A former employee of the United States National Security agency admitted Friday that he illegally stored classified documents from the agency that were subsequently stolen from his personal computer by Russian hackers.

Nghia Hoang Pho, a 67-year-old man residing in Maryland, pleaded guilty to one count of removal and retention of national defense information. Pho now awaits sentencing for his crime, which can carry up to 10 years in prison, though prosecutors agreed not to seek more than eight years.

Pho began work with the NSA in 2006, when he joined the agency’s Tailored Access Operations (TAO) group as a developer. TAO is considered to be the hacking arm of the NSA, leading cyber warfare and intelligence gathering efforts by developing and deploying highly sophisticated hacking tools.

Pho received a variety of security clearances during his time with the NSA and had access to national defense information and other classified documents. According to a plea agreement, he regularly worked on “highly classified, specialized projects.”

Beginning in 2010 and continuing through March 2015, Pho regularly removed and stored government documents that contained sensitive national defense information, including documents classified as Top Secret—the highest level of classified information that is defined by the government as information that “unauthorized disclosure of which reasonably could be expected to cause exceptionally grave damage to the national security.”

Pho held onto both physical, hard copies and digital copies of the documents, which were stored in his residence in Maryland.

The information stored by Pho was is believed to have been stolen by Russian hackers who identified the Top Secret government documents after it was identified by the Kaspersky Lab antivirus software installed on his personal computer. Kaspersky Lab, a Russia-based cybersecurity firm, has denied any role in working with the Russian government or other entities to identify or steal documents.

Pho is one of three NSA workers in the last two years to be charged with mishandling of classified information. Pho’s case is particularly egregious, as the employee was lifting sensitive documents from the agency for half a decade.
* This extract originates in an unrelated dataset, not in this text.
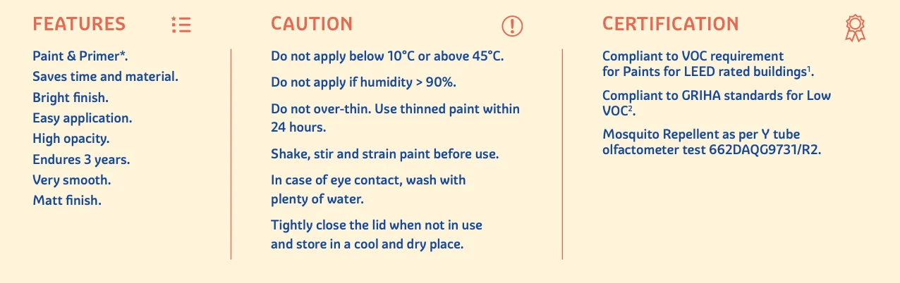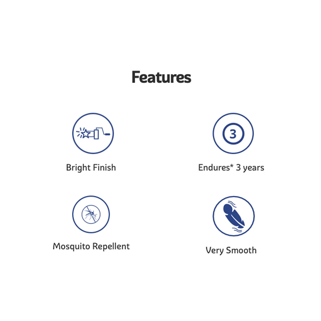 Coverage Approx. 130 – 150 sq. ft/litre/coat (Varies by surface)

The crackdown on employees and contractors mishandling information comes as the NSA continues its search for the source of a major breach of the agency that resulted in the public release of its hacking tools.

The breach, carried out by an anonymous group of hackers identified as the Shadow Brokers, has caused fits for the agency. Tools developed by the NSA have been used to carry out massive cyber attacks, including the WannaCry ransomware attack that spread to more than one million computers earlier this year. Stolen NSA exploits have led to the shut down of hospitals, communications companies, public transportation and other essential infrastructure.

In addition to the arrest of Pho, NSA contractor Harold T. Martin III was arrested last year after the FBI discovered 50TB of data and documents taken from the NSA over a 20 year period. Reality Winner, a contract linguist who worked with the NSA, was arrested in June after providing an NSA file to the Intercept, which then published the document.